Supervised Learning continued…
- x $ {\in} $ X (capital X is the input space)
- y $ {\in} $ Y (capital Y is the output space)
Basically, the input space is the set of possible inputs; output space is the set of possible outputs.
- D = {(${x_n}, {y_n}$)}${_n}^{N}$ is the set of all input-output pairs.
N is the dataset size and D is script D.
REMEMBER: there are two types of learning models:
- Classification - Supervised ML model where outputs are categorical where ${y_n}$ is categorical. (ex: classes 0-9 for handwritten digits)
EX: Classifying hand-written digits
- Regression
- Example of model parameters: $ f(x) = a{x^2} + bx + c$ where ${a, b, c}$ are parameters and ${x}$ is the input if ${a = 3, b = 5, c = -4}$ and ${x = 5}$: ${f(5) = 75 + 25 - 4 = 96}$
Example w/ 3-dimensional input:
enter notes here
What is classification?
It is a supervised learning model where the outputs are categorical (${y_n}$ is categorical)

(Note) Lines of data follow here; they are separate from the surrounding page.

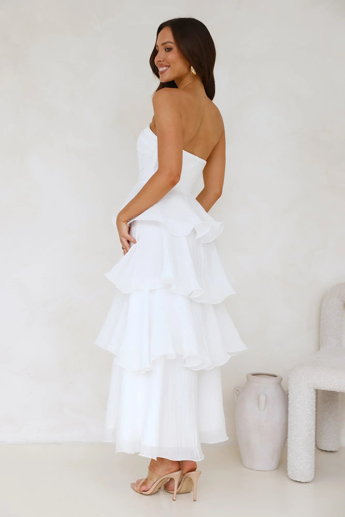 Lovely, we've got an extravagant style, just for you! The Wedding Adventure Strapless Maxi Dress features a tiered frill skirt, boning to the bodice and a gathered top. Style with heels and curls for a gorgeous 'fit.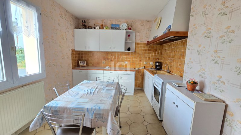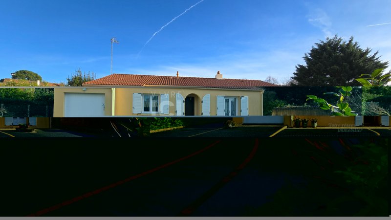 Centre ville de SAINT BREVIN LES PINS, maison de plain-pied de 82 m² comprenant : entrée, séjour-salon lumineux (cheminée), cuisine indépendante, deux chambres, salle d'eau, wc. Grand garage attenant. Remise de15,2 m² .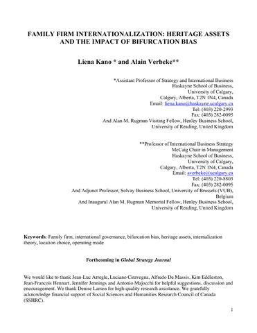 Kano, L. and Verbeke, A. (2018) Family firm internationalization: heritage assets and the impact of bifurcation bias. Global Strategy Journal, 8 (1). pp. 158-183. ISSN 2042-5805 doi: 10.1002/gsj.1186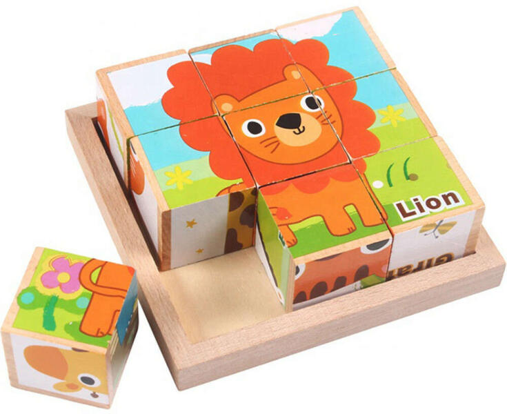 Fa Kockák Kirakó Játék Állatokkal - Fejlesztő Játék Kisgyermekeknek ??? Ez a vidám fa kockákból álló kirakó játék tökéletes választás a legkisebbek számára! Segít fejleszteni a gyermek vizuális és finommotoros képességeit, miközben remek szórakozást nyújt. A színes, vidám állatfigurák felkeltik a kicsik érdeklődését, és ösztönzik őket a kreatív gondolkodásra. Főbb jellemzők: ? 9 db színes fa kocka: Minden kocka 6 oldalán más-más kép található. ? Vidám állatfigurák: Oroszlán, zsiráf, tigris, elefánt, zebra, nyúl és még sok más! ? Fejlesztő hatás: Javítja a formafelismerést, a színfelismerést és a finommotoros készségeket. ? Kisgyermekeknek ideális: Biztonságos és környezetbarát fából készült. ? Színes és vonzó design: A gyerekek imádni fogják a vidám képeket! A játék előnyei:Kreativitás fejlesztése: A kockák sokféleképpen kirakhatók, így a gyermek szabadon alkothat. Forma- és színfelismerés: A különböző képek segítenek a formák és színek megismerésében. Finommotorika fejlesztése: A kockák mozgatása fejleszti a kézügyességet és a precizitást. Szórakozás és tanulás egyben: A játék szórakoztató és egyben fejlesztő is. Lepd meg gyermeked ezzel a szórakoztató és fejlesztő játékkal! ?

- EX: Hand-written digits (MNIST dataset) where the dataset has 10 different classes (0-9).
NOTE: input for MNIST is a matrix (28 * 28) matrix of pixels (black and white) where each position is heavily accounted for to predict different classes (0-9).
- generalization = how well the model performs with data that it hasn’t used before.
MOST IMPORTANT NOTE: A model’s performance with data that it hasn’t used before will determine whether it is good or not (performance measure).